In above-mentioned technical proposal, it is preferable that the raw material comes from biological material.
In above-mentioned technical proposal, it is preferable that the raw material comes from xylitol, glucose, cellobiose, hemicellulose or wood
At least one of quality.
In above-mentioned technical proposal, it is preferable that the raw material is in bagasse, glucose, timber, corn stalk or straw straw
At least one.
As an embodiment of the invention, raw material of the present invention is biomass-based carbonyl complex, such as
Furfural, 5 hydroxymethyl furfural, levulic acid.Such carbonyl complex can be former by biomass from a wealth of sources, rich reserves
Material obtains, can be with large scale preparation.For example, levulic acid can be in Zirconium oxide, metal chloride, organic acid or inorganic acid
In the presence of, it is produced by the biomass substrate such as cellulose, stalk.(Efficient Conversion of Cellulose to
Levulinic Acid by Hydrothermal Treatment Using Zirconium Dioxide as a
Recyclable Solid Acid Catalyst, Ind.Eng.Chem.Res., 2014,53 (49), pp 18796-18805;
Production of levulinic acid from cellulose by hydrothermal decomposition
Combined with aqueous phase dehydration with a solid acid catalyst, Energy
Environ.Sci.,2012,5,7559-7574;Effective Production of Levulinic Acid from
Biomass through Pretreatment Using Phosphoric Acid,Hydrochloric Acid,or Ionic
Liquid, Ind.Eng.Chem.Res., 2014,53 (29), pp 11611-11621).And 5 hydroxymethyl furfural can be urged in acid
In the presence of agent, (Catalytic conversion of is prepared by biomass such as glucose, celluloses
carbohydrates into 5-hydroxymethylfurfural over cellulose-derived
Carbonaceous catalyst in ionic liquid, Bioresour Technol.2013Nov;148:501-507.;
Production of 5-Hydroxymethylfurfural from Glucose Using a Combination of
Lewis andAcid Catalysts in Water in a Biphasic Reactor with an
Alkylphenol Solvent, ACS Catal., 2012,2 (6), pp 930-934).Equally, furfural can also with corn stalk or
Corncob is raw material, produces to obtain by acid catalysis.
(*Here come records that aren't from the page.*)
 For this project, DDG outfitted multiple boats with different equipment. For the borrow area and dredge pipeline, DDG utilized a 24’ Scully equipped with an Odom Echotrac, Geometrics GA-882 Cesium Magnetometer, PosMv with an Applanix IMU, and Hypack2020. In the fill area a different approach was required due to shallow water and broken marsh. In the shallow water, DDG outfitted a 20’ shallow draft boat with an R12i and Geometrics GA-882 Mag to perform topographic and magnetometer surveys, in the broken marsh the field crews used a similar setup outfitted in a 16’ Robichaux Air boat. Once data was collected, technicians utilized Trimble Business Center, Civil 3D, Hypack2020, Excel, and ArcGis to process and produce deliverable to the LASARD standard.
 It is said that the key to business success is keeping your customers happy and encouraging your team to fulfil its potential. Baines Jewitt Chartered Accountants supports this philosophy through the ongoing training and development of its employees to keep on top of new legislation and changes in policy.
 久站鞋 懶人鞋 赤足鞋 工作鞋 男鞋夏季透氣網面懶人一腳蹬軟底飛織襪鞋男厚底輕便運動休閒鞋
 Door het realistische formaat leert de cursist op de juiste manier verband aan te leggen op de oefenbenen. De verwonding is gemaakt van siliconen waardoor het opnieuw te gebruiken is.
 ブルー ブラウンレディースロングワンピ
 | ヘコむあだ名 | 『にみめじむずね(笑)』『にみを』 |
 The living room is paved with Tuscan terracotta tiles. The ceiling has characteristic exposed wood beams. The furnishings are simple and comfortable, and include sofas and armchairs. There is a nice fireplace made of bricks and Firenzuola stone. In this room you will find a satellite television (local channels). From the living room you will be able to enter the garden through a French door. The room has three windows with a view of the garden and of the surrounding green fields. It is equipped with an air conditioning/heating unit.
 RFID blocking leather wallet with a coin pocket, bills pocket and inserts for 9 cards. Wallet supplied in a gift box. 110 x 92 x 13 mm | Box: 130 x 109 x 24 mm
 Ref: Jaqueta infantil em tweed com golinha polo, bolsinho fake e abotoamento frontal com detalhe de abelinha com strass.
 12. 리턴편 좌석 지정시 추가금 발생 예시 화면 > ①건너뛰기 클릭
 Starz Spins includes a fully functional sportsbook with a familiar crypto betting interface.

In the present invention, the preparation method of strong solid acid catalyst is can to use precipitation-impregnation to be known in the art
Method.For details, reference can be made to document " solid acid and fine chemistry industry " and " SO4 2-/MxOyThe progress of type solid super acid catalyst, is answered
With chemical industry, 2014, vol43,1879-1883 ".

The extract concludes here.